RIFIUTI – Abbandono – Curatore del fallimento – Responsabilità ex art. 192, c. 3 d.lgs. n. 152/2006 – Inconfigurabilità.

Deve escludersi una responsabilità del curatore del fallimento ai sensi del terzo comma dell’art. 192 dlgs 152/2006: fatta salva la eventualità di univoca, autonoma e chiara responsabilità del curatore fallimentare sull’abbandono dei rifiuti, la curatela fallimentare non può essere destinataria, a titolo di responsabilità di posizione, di ordinanze sindacali dirette alla tutela dell’ambiente, per effetto del precedente comportamento omissivo o commissivo dell’impresa fallita, non subentrando tale curatela negli obblighi più strettamente correlati alla responsabilità del fallito e non sussistendo, per tal via, alcun dovere del curatore di adottare particolari comportamenti attivi, finalizzati alla tutela sanitaria degli immobili destinati alla bonifica da fattori inquinanti (TAR Lombardia-Milano, Sez. III, sentenza 05.01.2016).


RIFIUTI – Abbandono – Curatore del fallimento – Obblighi di ripristino – Responsabilità – Meccanismo estensivo di cui all’art. 192, c. 4 d.lgs. n. 152/2006 – Inapplicabilità.

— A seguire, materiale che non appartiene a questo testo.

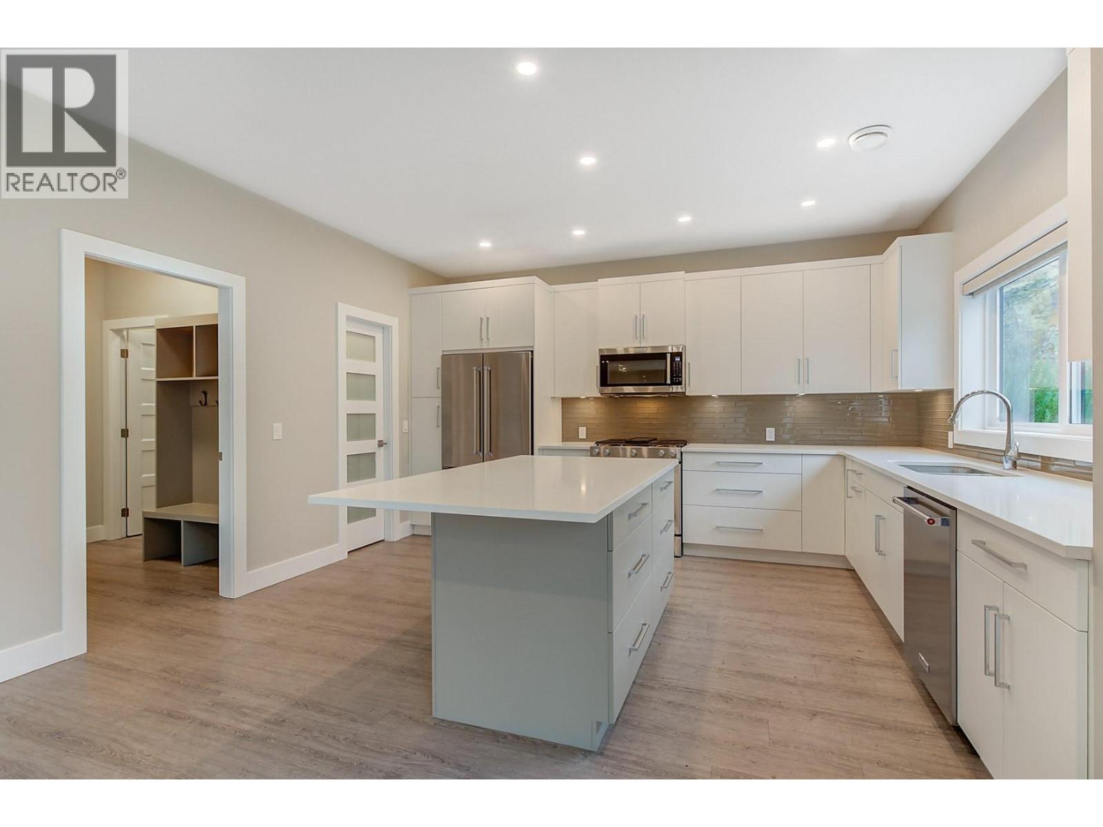 This stunning 2-storey, grade-level entry home is in the highly desirable University Heights community. Just a 10-minute walk to Aberdeen Hall and 15 minutes to UBC Okanagan, it offers the perfect balance of proximity to educational institutions and easy access to the airport. Ideal for professionals or families, this home combines luxury, comfort, and convenience. The main floor features a custom-designed kitchen with a large central island, abundant cabinets, and a spacious walk-in pantry. The adjoining dining area comfortably accommodates a full-size table, perfect for gatherings. The elegant living room boasts a floor-to-ceiling fireplace, adding warmth and charm to the open-concept design. A mudroom off the oversized double garage includes a walk-in closet and built-in storage. A versatile flex room, ideal as an office or guest room, and a full bathroom complete the main level. Upstairs, you will find three generously sized bedrooms and a well-appointed laundry room. The primary suite is a luxurious retreat, with a spa-like ensuite featuring a soaker tub, dual vanity, and walk-in tiled shower. A cozy sitting room off the primary bedroom is the perfect spot to relax and enjoy beautiful valley views. Custom finishes, including quartz countertops, vinyl plank flooring with cork backing, tile accents, and KitchenAid appliances, make this home truly exceptional. With its prime location and exquisite design, this is the perfect place to call home. (id:62999)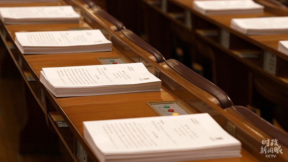 △擺放在代表座位上的政府工作報(bào)告等文件(總臺央視記者彭漢明拍攝)

La responsabilità del curatore fallimentare non può derivare dall’art. 192, comma 4, del d.lgs. n. 152 del 2006, atteso che il Fallimento non può essere reputato un “subentrante”, ossia un successore, dell’impresa sottoposta alla procedura fallimentare. La società dichiarata fallita, invero, conserva la propria soggettività giuridica e rimane titolare del proprio patrimonio: solo, ne perde la facoltà di disposizione, pur sotto pena di inefficacia solo relativa dei suoi atti, subendo la caratteristica vicenda dello spossessamento (art. 42 R.D. n. 267/1942). Correlativamente, il Fallimento non acquista la titolarità dei suoi beni, ma ne è solo un amministratore con facoltà di disposizione, laddove quest’ultima riposa non sulla titolarità dei relativi diritti ma, a guisa di legittimazione straordinaria, sul munus publicum rivestito dagli organi della procedura (art. 31 R.D. n. 267/1942). Il curatore del fallimento, pertanto, pur potendo sottentrare in specifiche posizioni negoziali del fallito (cfr. l’art. 72 R.D. n. 267/1942), in via generale non è rappresentante, né successore del fallito, ma terzo subentrante nell’amministrazione del suo patrimonio per l’esercizio di poteri conferitigli dalla legge (Cassazione civile, sez. I, 23/06/1980, n. 3926). Nei confronti del Fallimento non è dunque ravvisabile un fenomeno di successione, il quale solo potrebbe far scattare il meccanismo estensivo, previsto dall’art. 192, comma 4, d.lgs. cit., della legittimazione passiva rispetto agli obblighi di ripristino che l’articolo stesso pone in prima battuta a carico del responsabile e del proprietario versante in dolo o colpa.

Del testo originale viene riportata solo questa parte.